About this task →
The task requires repeating, word for word, the lines from the one with "- Ajouter les" through the end of the material, leaving out all pictures.

--- START ---

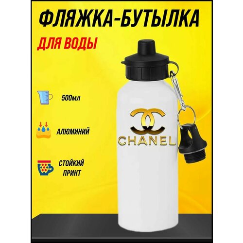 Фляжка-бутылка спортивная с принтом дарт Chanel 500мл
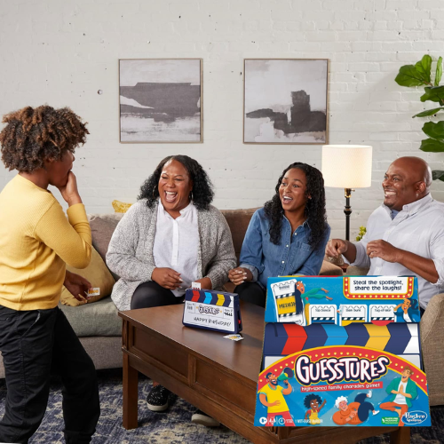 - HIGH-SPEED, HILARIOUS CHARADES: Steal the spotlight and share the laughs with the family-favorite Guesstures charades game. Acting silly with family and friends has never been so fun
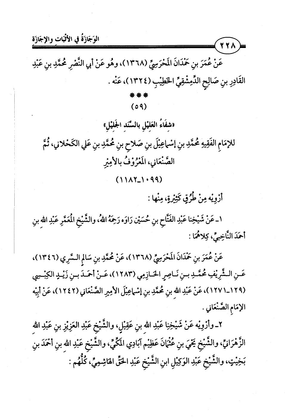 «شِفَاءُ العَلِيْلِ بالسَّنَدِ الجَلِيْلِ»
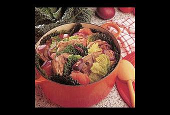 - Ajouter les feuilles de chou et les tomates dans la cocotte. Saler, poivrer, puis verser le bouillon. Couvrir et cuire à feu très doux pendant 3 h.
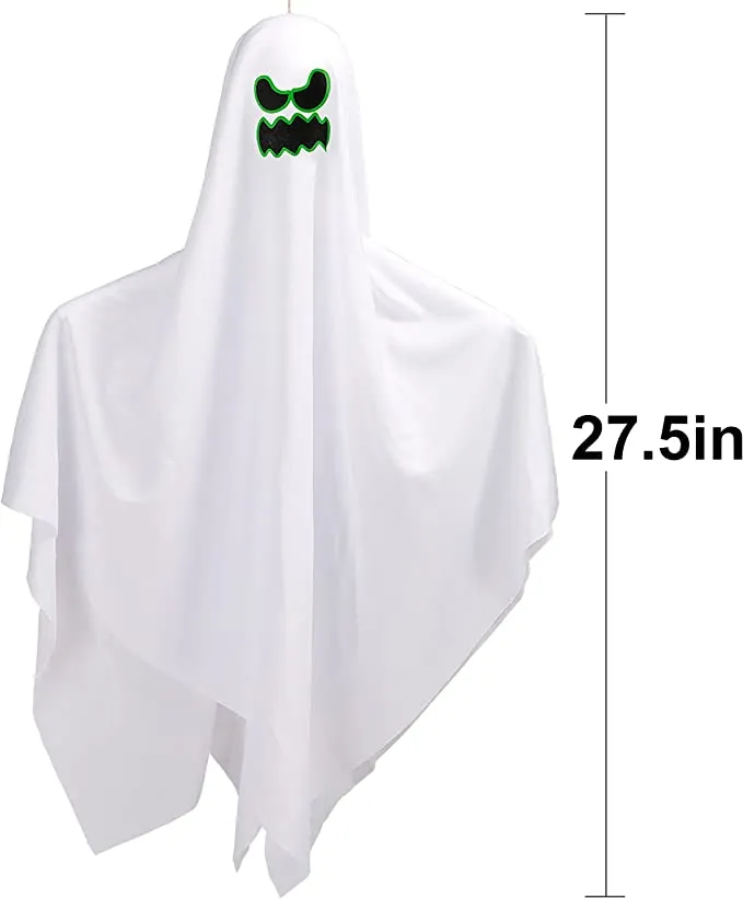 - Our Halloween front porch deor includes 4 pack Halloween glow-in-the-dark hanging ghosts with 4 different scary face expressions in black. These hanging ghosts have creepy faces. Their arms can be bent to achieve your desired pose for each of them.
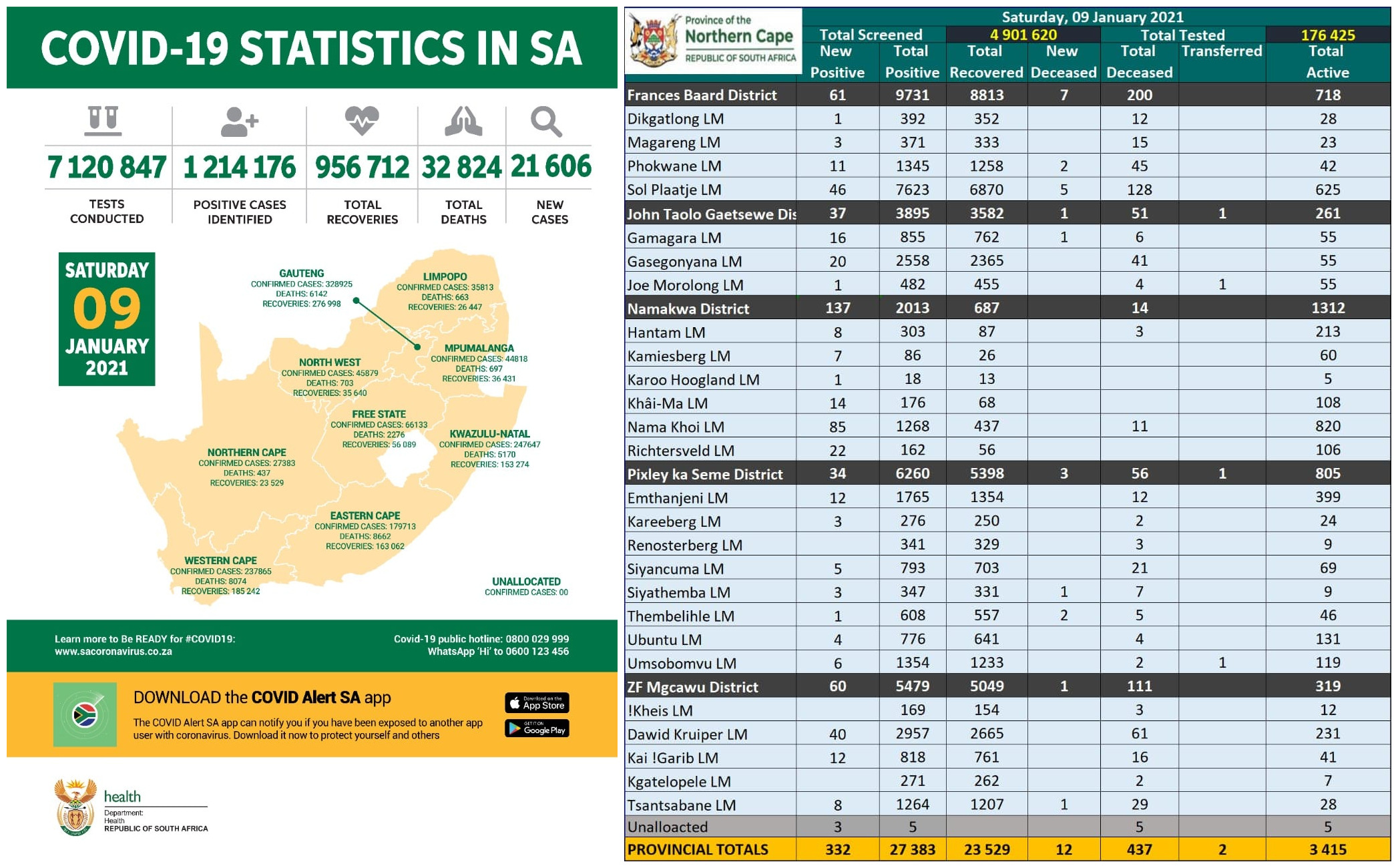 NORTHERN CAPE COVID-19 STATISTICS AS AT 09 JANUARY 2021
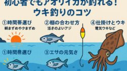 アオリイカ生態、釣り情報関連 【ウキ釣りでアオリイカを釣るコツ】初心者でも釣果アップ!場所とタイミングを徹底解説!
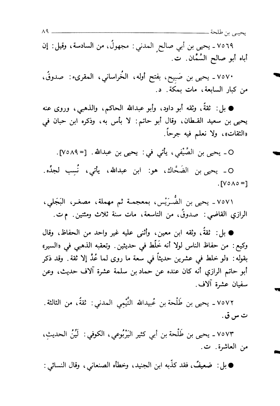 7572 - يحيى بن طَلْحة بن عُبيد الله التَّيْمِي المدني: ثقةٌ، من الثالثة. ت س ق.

--- END ---

Response to this exercise →
 - Ajouter les feuilles de chou et les tomates dans la cocotte. Saler, poivrer, puis verser le bouillon. Couvrir et cuire à feu très doux pendant 3 h.
 - Our Halloween front porch deor includes 4 pack Halloween glow-in-the-dark hanging ghosts with 4 different scary face expressions in black. These hanging ghosts have creepy faces. Their arms can be bent to achieve your desired pose for each of them.
 NORTHERN CAPE COVID-19 STATISTICS AS AT 09 JANUARY 2021
 アオリイカ生態、釣り情報関連 【ウキ釣りでアオリイカを釣るコツ】初心者でも釣果アップ!場所とタイミングを徹底解説!
 7572 - يحيى بن طَلْحة بن عُبيد الله التَّيْمِي المدني: ثقةٌ، من الثالثة. ت س ق.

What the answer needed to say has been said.